I usually don’t make Jambalaya in the summer. Not for any other reason than it is one of those fall to winter comfort foods that I make frequently, and in the heat of summer I usually crave salads, seafood and grilled veggies. But this week for some strange reason as hot and humid as it was here on the East Coast, I wanted spicy, hot jambalaya. So I decided to play around with a summer friendly recipe that felt like it still resembled Jambalaya, so here is what I came up with. A grilled, deconstructed version, that is made solely on the grill. I have to tell you, this version is pretty damn good! I may be sneaking out to in the winter to make this one on the grill! I hope you will try it and leave your feedback for me!!! Grillin’ and Chillin’ as always!!

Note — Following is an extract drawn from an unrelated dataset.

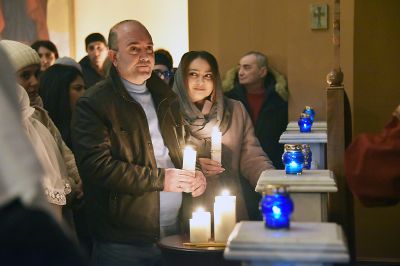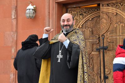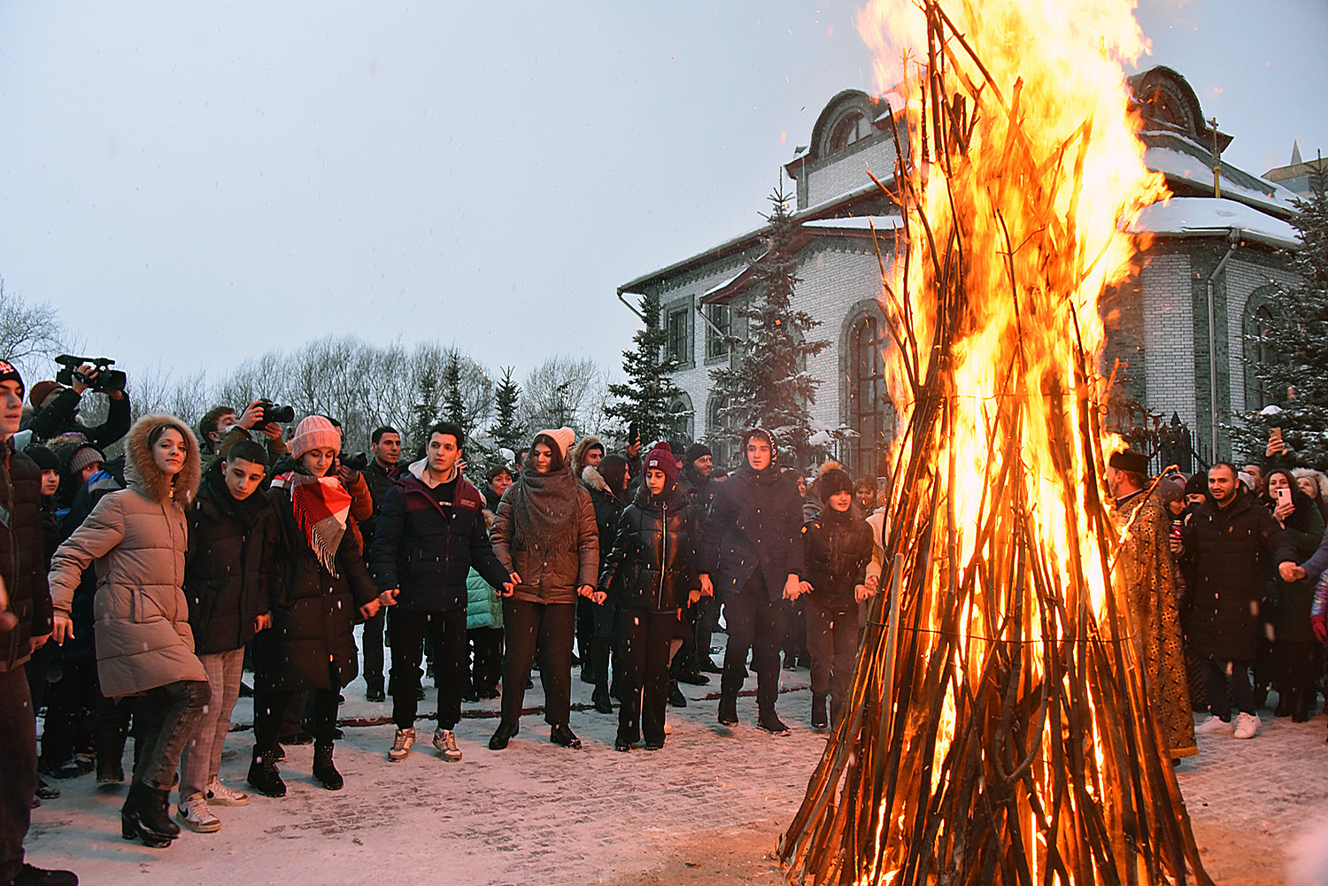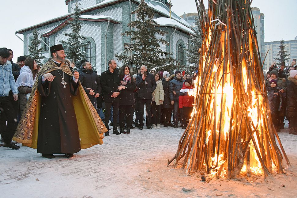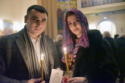После праздничной литургии в церкви Святого Ованеса Карапета был совершен обряд благословения молодоженов. По древней традиции, от благословенной свечи зажигают костер, символизирующий спасительный свет Христа, а молодожены и влюбленные, взявшись за руку, прыгают через огонь.

A simplified version of a Cajun Classic, that's quick, easy, and oh some satisfying!
* Having disposable aluminum pans makes this dish a breeze for clean-up and ease, also a grill pan specifically designed for the grill is perfect for the veggies, but aluminum foil will work too!
Credit: CrazySexySavor.com/Susan Mangieri-Maurath
1 lb of Chorizo sausage (typically Jambalaya is made with Andouille, a smoked sausage, but I love Chorizo much better and use it in many recipes. But you may use Andouille if you so desire. It’s your party, do it your way!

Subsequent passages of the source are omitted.